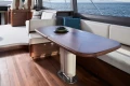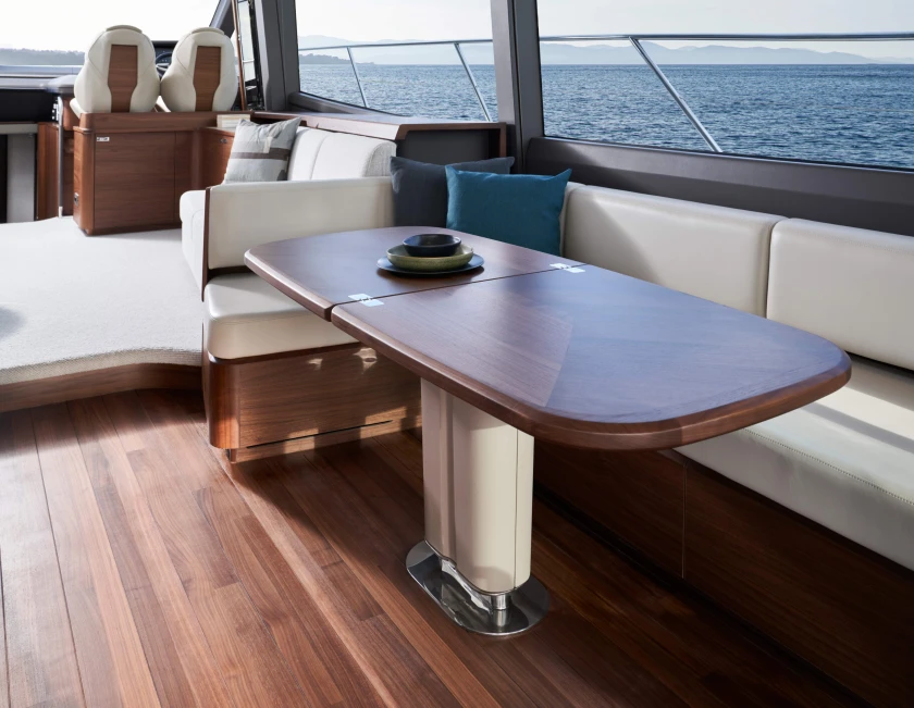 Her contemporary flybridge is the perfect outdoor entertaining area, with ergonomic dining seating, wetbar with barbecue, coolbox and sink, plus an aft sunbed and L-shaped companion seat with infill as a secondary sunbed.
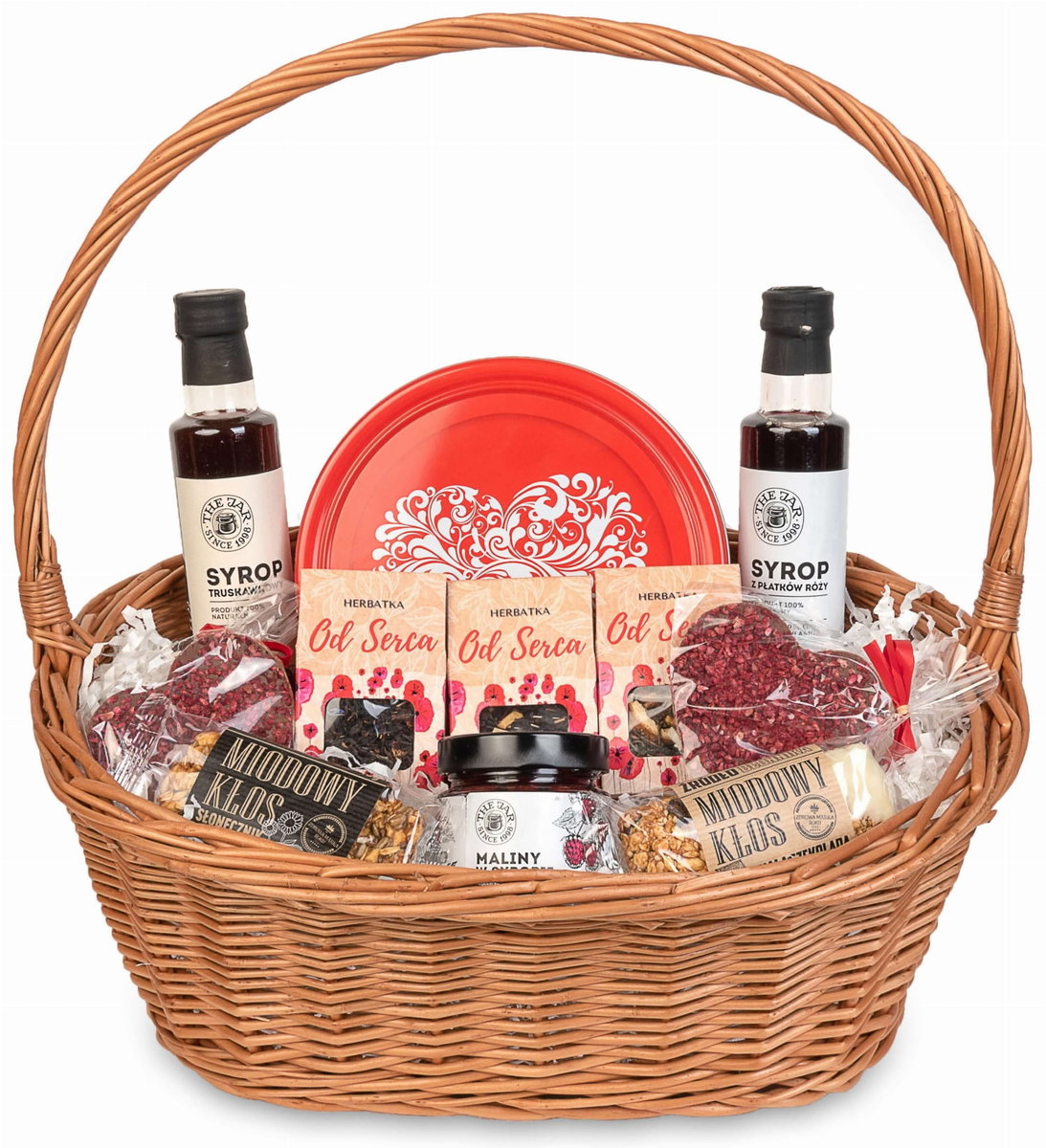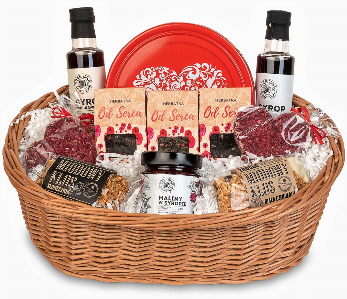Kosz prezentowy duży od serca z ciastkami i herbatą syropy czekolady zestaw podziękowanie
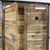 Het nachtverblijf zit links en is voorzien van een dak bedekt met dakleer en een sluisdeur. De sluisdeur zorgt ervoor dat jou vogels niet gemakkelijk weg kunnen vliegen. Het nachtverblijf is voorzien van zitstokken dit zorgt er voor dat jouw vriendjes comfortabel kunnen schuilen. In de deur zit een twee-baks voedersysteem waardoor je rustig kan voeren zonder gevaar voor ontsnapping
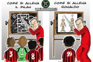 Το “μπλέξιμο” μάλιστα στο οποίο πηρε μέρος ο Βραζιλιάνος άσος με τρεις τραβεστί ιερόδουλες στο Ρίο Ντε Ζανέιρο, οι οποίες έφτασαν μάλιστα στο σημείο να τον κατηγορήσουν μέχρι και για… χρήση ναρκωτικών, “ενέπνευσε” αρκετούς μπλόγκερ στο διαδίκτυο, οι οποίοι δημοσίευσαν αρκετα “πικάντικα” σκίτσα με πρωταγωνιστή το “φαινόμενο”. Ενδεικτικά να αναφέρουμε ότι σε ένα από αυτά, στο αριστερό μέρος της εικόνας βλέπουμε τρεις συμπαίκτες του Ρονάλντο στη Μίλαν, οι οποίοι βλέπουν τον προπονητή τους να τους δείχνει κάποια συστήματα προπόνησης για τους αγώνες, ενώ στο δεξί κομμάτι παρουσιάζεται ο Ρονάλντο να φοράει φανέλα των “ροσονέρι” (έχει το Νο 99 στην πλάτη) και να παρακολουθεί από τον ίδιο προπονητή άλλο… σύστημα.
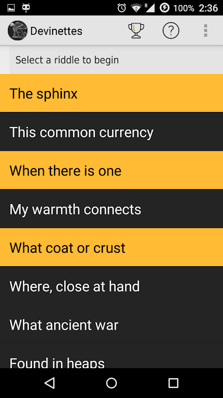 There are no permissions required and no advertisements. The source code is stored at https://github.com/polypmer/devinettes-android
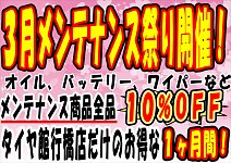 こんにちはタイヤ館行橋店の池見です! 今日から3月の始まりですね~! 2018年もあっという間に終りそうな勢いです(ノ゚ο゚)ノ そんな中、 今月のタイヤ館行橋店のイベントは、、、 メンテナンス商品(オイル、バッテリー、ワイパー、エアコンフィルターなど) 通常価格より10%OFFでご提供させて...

____

Word for word, give the entries above again, with no images included.

 Her contemporary flybridge is the perfect outdoor entertaining area, with ergonomic dining seating, wetbar with barbecue, coolbox and sink, plus an aft sunbed and L-shaped companion seat with infill as a secondary sunbed.
Kosz prezentowy duży od serca z ciastkami i herbatą syropy czekolady zestaw podziękowanie
 Het nachtverblijf zit links en is voorzien van een dak bedekt met dakleer en een sluisdeur. De sluisdeur zorgt ervoor dat jou vogels niet gemakkelijk weg kunnen vliegen. Het nachtverblijf is voorzien van zitstokken dit zorgt er voor dat jouw vriendjes comfortabel kunnen schuilen. In de deur zit een twee-baks voedersysteem waardoor je rustig kan voeren zonder gevaar voor ontsnapping
 Το “μπλέξιμο” μάλιστα στο οποίο πηρε μέρος ο Βραζιλιάνος άσος με τρεις τραβεστί ιερόδουλες στο Ρίο Ντε Ζανέιρο, οι οποίες έφτασαν μάλιστα στο σημείο να τον κατηγορήσουν μέχρι και για… χρήση ναρκωτικών, “ενέπνευσε” αρκετούς μπλόγκερ στο διαδίκτυο, οι οποίοι δημοσίευσαν αρκετα “πικάντικα” σκίτσα με πρωταγωνιστή το “φαινόμενο”. Ενδεικτικά να αναφέρουμε ότι σε ένα από αυτά, στο αριστερό μέρος της εικόνας βλέπουμε τρεις συμπαίκτες του Ρονάλντο στη Μίλαν, οι οποίοι βλέπουν τον προπονητή τους να τους δείχνει κάποια συστήματα προπόνησης για τους αγώνες, ενώ στο δεξί κομμάτι παρουσιάζεται ο Ρονάλντο να φοράει φανέλα των “ροσονέρι” (έχει το Νο 99 στην πλάτη) και να παρακολουθεί από τον ίδιο προπονητή άλλο… σύστημα.
 There are no permissions required and no advertisements. The source code is stored at https://github.com/polypmer/devinettes-android
 こんにちはタイヤ館行橋店の池見です! 今日から3月の始まりですね~! 2018年もあっという間に終りそうな勢いです(ノ゚ο゚)ノ そんな中、 今月のタイヤ館行橋店のイベントは、、、 メンテナンス商品(オイル、バッテリー、ワイパー、エアコンフィルターなど) 通常価格より10%OFFでご提供させて...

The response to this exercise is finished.